Beginning in the late 1970s, the Immigration and Naturalization Service justified the incarceration of material witnesses of all ages, which at times resulted in minors’ prolonged separation from their parents, by claiming that the detention of migrants was “necessary for their own protection.” But the government was not concerned with justice or human rights. Instead, policymakers hoped to find someone to blame to mask their own responsibility for migrant harm behind a rhetoric of “protection.”
The injuries produced by draconian border enforcement only worsened in the 1990s when the Clinton administration formalized the Border Patrol’s “prevention through deterrence” strategy. The policy was deliberately designed to force migrants into perilous routes of entry, to use the desert as a “weapon” against border-crossers.
Although the possibility of death was supposed to function as a deterrent, unauthorized migration continued in the 1990s and the 2000s. This happened even as the United States invested heavily in border surveillance during and after the passage of the Immigration Reform and Control Act of 1986, immigration laws in 1990 and 1996 dramatically expanded the list of offenses for which deportation and detention were required, and the Sept. 11, 2001, attacks enabled the newly created DHS to link terrorism and immigration to acquire additional funding for border security.

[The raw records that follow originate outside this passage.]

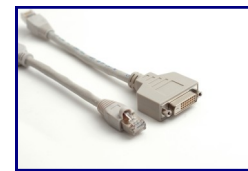
RJ-45 to DVI Adapter
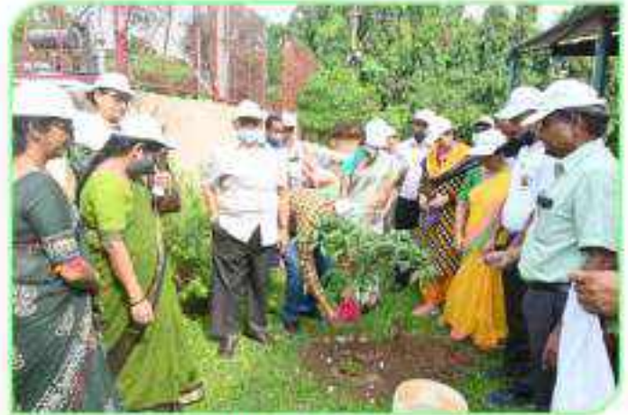
BJEM School Bhubaneswar, Khordha, Odisha
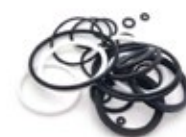
FOX FLOAT X2 MAIN SERVICE KIT ND-130-015
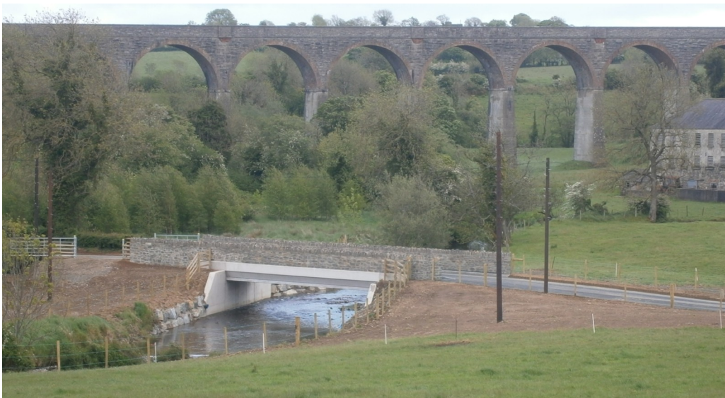
New Bridge following construction

Other structures strengthened during the period -
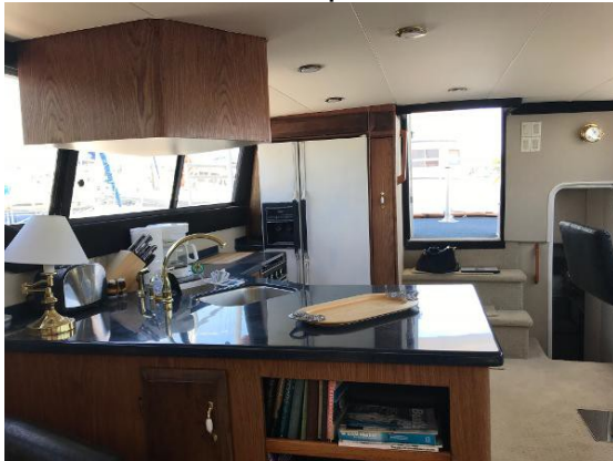
Looking aft at galley - Atlas Yacht Sales 904-501-1532
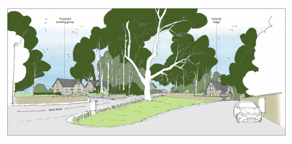
Figure 3: Proposed context of Building Group
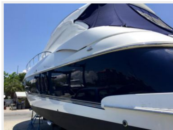
Beautiful Hull Condition
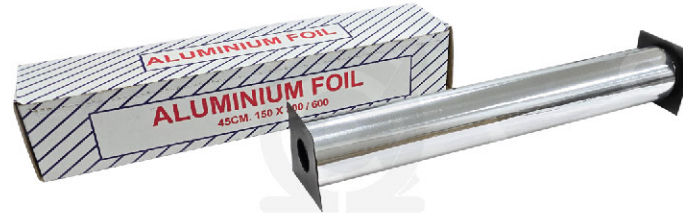
Unbranded Retail Pack 45 cm
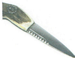
A Sgian Dubh
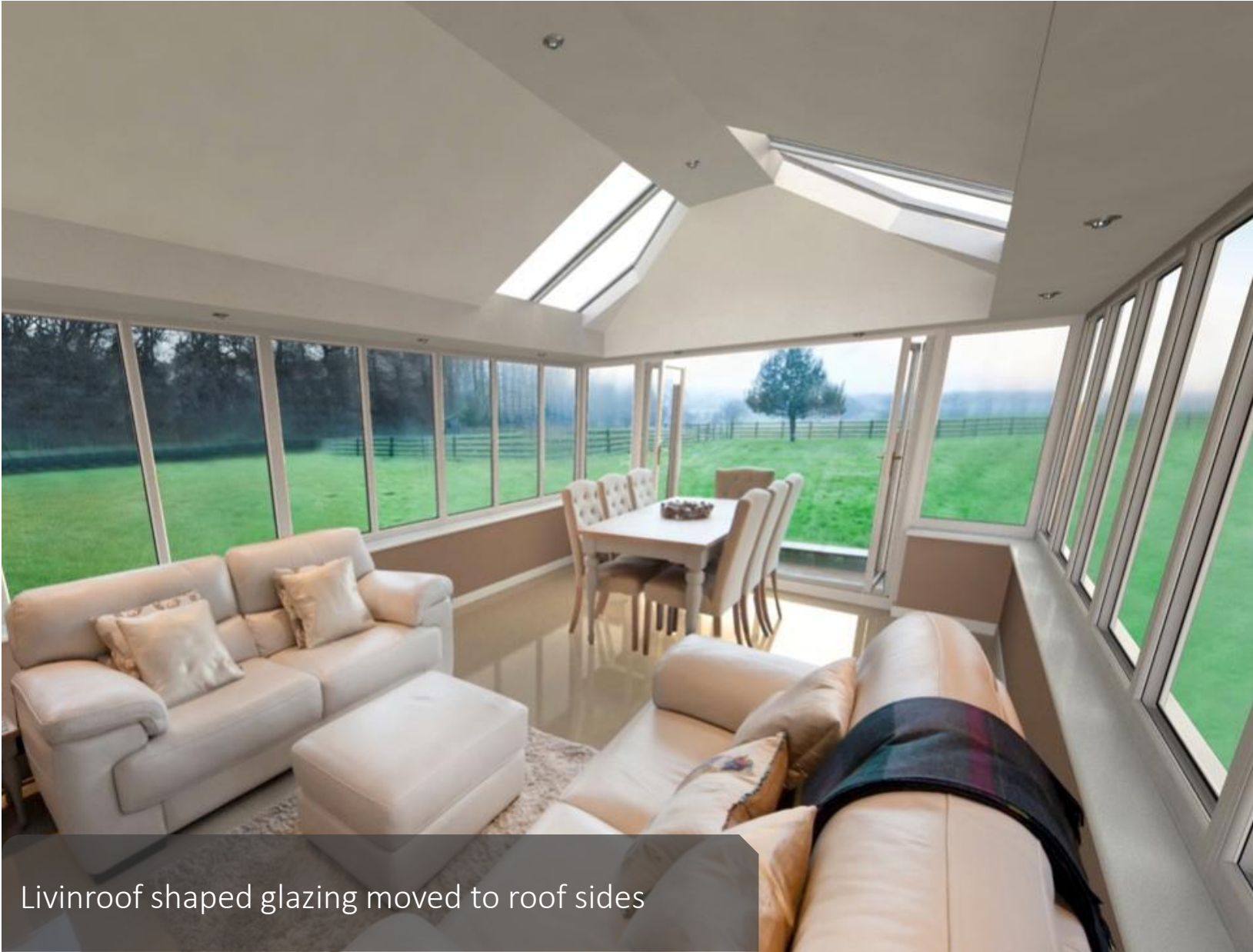
Livinroof shaped glazing moved to roof sides
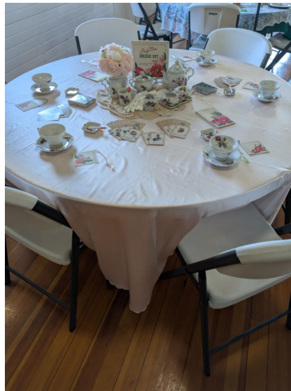
Stepping Back In Time Hansen House Senior Living
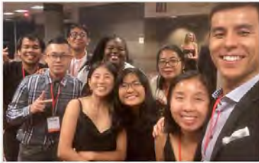
October 2, 2021 @ Shaquille O'Neal Foundation – The Event
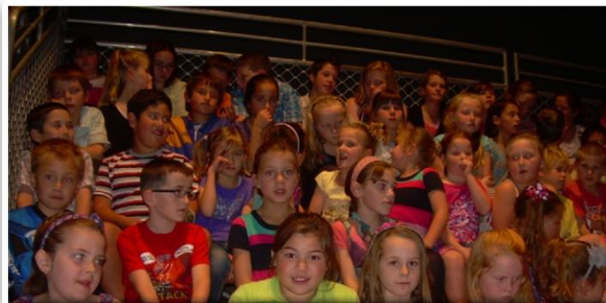
Kids For Kids
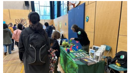
Metro Parks rangers showing students forest treasures at the Uhill Earth Day BBQ

On April 20, UHill Elementary welcomed students, parents, and community partners to its annual Earth Day BBQ celebration. While the rain moved this year's BBQ into the gym, it didn't dampen the students' excitement of learning how they can do their part to help the environment.
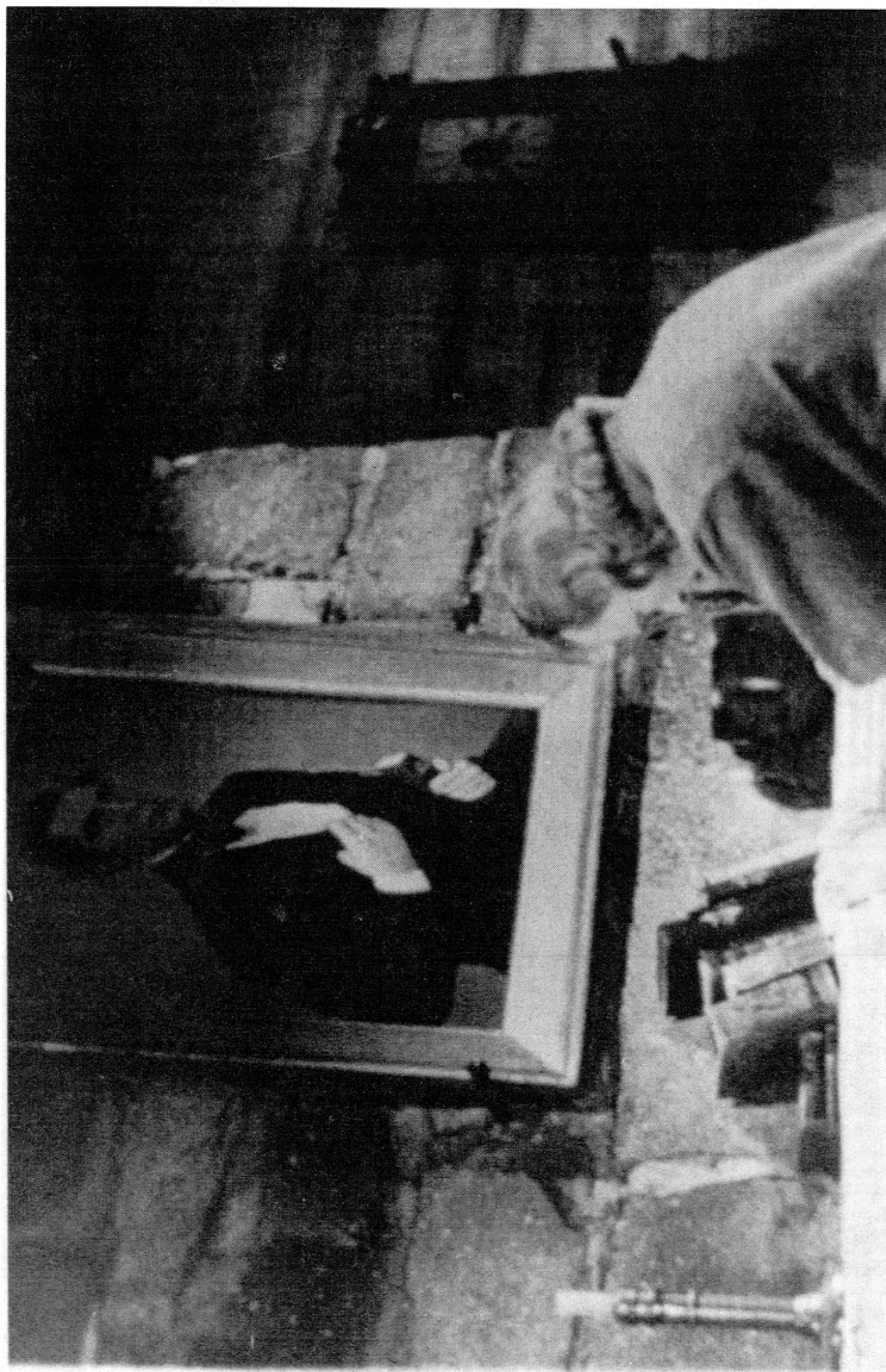
Brigham Young, in his cabin beneath portrait of Joseph Smith, near the end of the film, prays that he has not misled the pioneers into the Salt Lake Valley. Young equates in this scene the potential failure of Joseph Smith's vision of the Mormon's future and his own hopes for the pioneers.
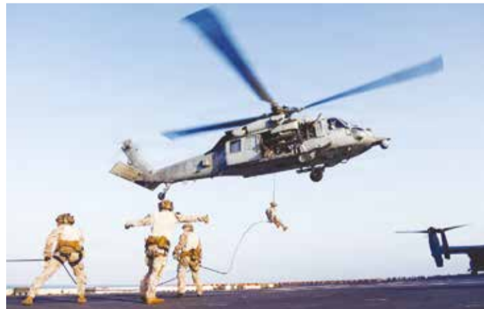
US Marines with Maritime Raid Force rappelling out of an MH-60S Sea Hawk, assigned to Helicopter Sea Combat Squadron 25, during helicopter and roping sustainment training aboard the forward-deployed amphibious assault ship USS Tripoli at sea

The agency now expects global demand to shrink by 2.4 million barrels per day (mb/d) in the second quarter, down from its forecast of a 3.5 mb/d before

According to historian Adam Goodman, “the ramping up of border and immigration enforcement did not stop unauthorized migration to the United States. It did, however, make migrating costlier, in both physical and financial terms.” Over 7,000 migrant deaths have been recorded at the border since the late 1990s, with fiscal year 2022 being the deadliest on record. The Trump years were particularly harmful for migrants, as journalists, advocates and researchers argued that human smugglers “thrived” under his immigration policies, especially his Title 42 order.

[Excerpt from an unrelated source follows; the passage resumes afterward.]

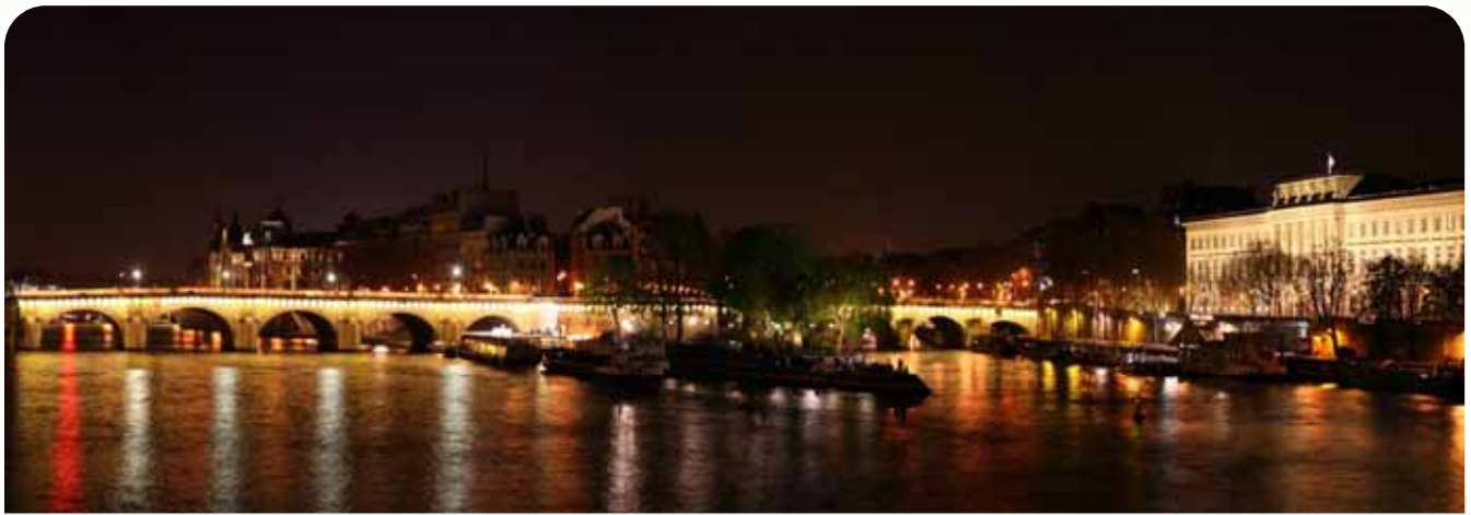
The Pont Neuf and the tip of Ile de la Cité

The lesson here is that the multibillion-dollar smuggling industry is enriched, not obstructed, by punitive border enforcement. Claims about wanting to hold smugglers accountable and regulate unauthorized migration merely serve to deflect from the government’s complicity in migrant exploitation and abuse, while painting politicians as heroes of a humanitarian dilemma entirely of their own making.

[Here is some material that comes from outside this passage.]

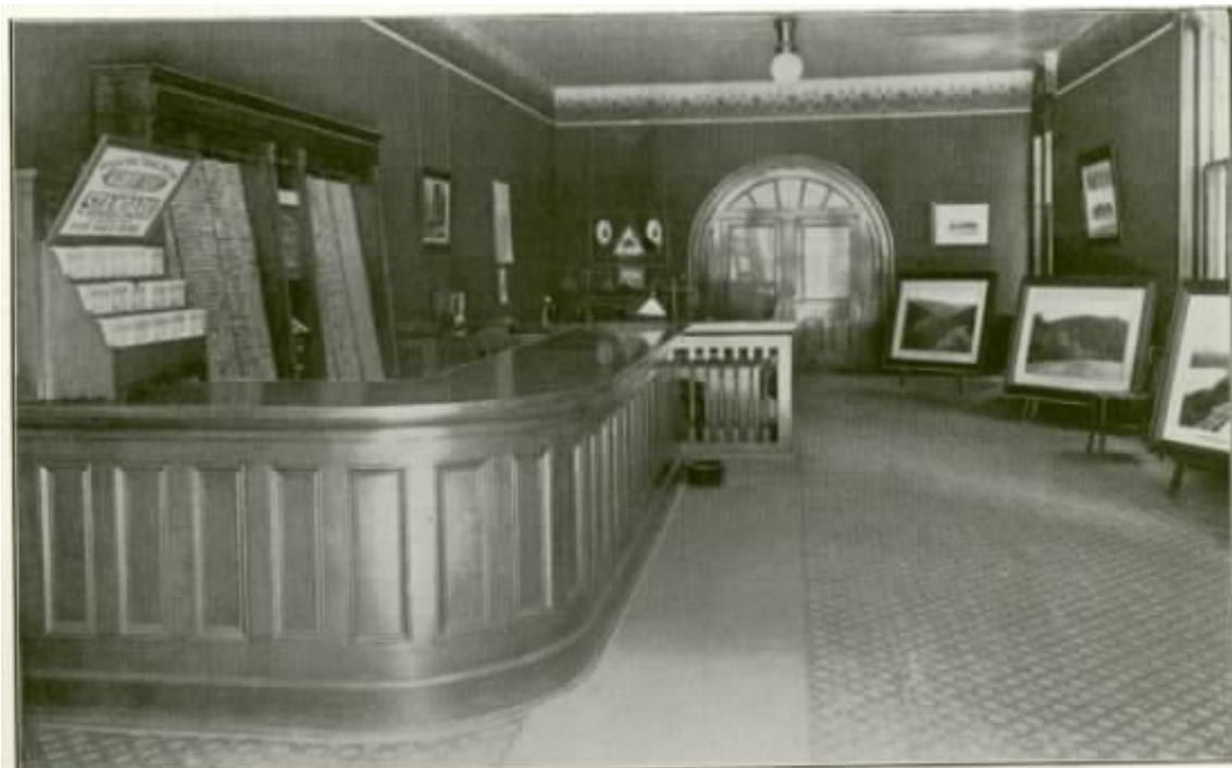
CITY TICKET OFFICE, 324 GAY STREET, KNOXVILLE, TENNESSEE.

We hope that this research guide will prove helpful to students and faculty who are interested in the history and significance of railroads and mass transit.
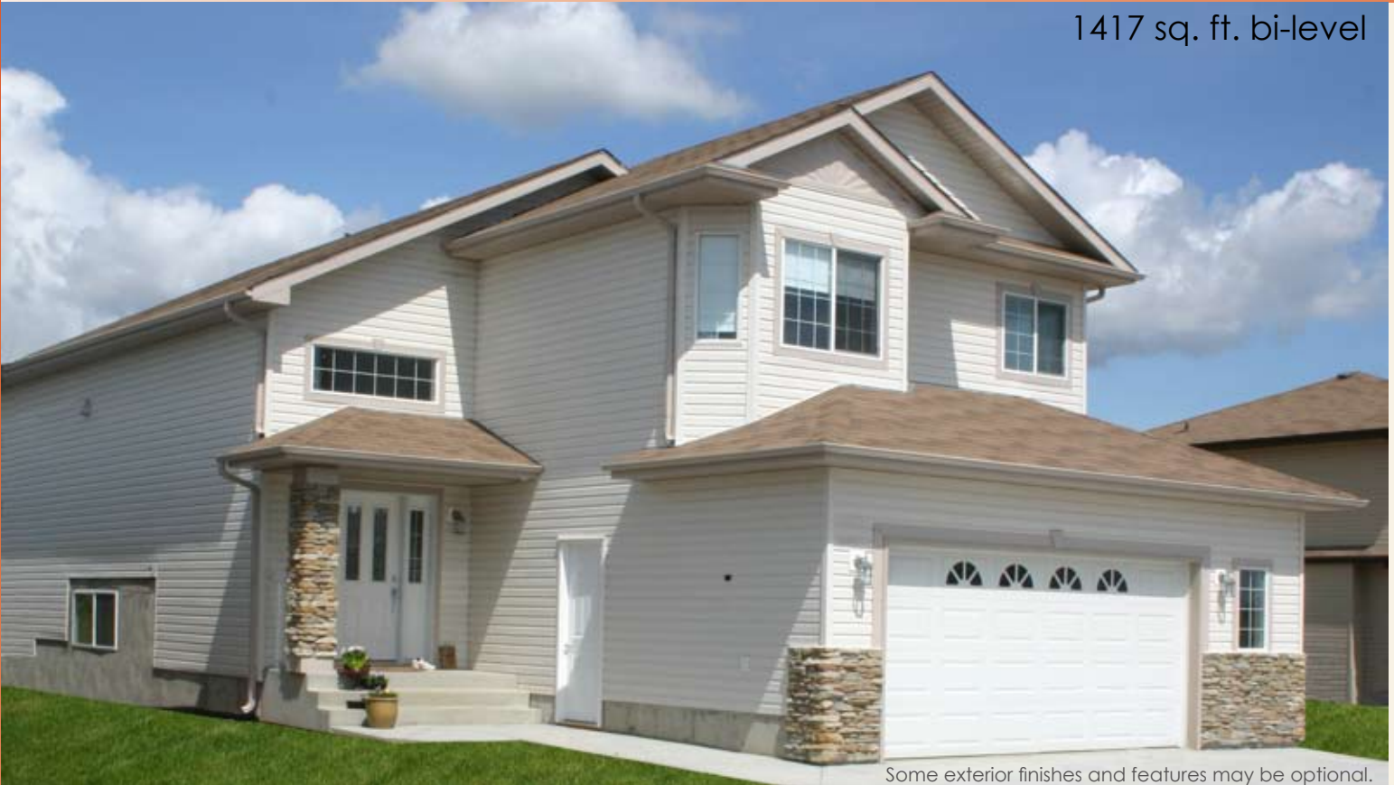
Some exterior finishes and features may be optional.

If the U.S. government really wanted to end human smuggling and eliminate migrants’ vulnerability for trafficking, it would disinvest from the flawed and deadly logic of immigration deterrence and open up pathways for safe and lawful entry that would make it unnecessary for people to turn to unscrupulous actors in the first place. Until then, U.S. policymakers and others will continue to be complicit in and responsible for the very harms they claim to be combating.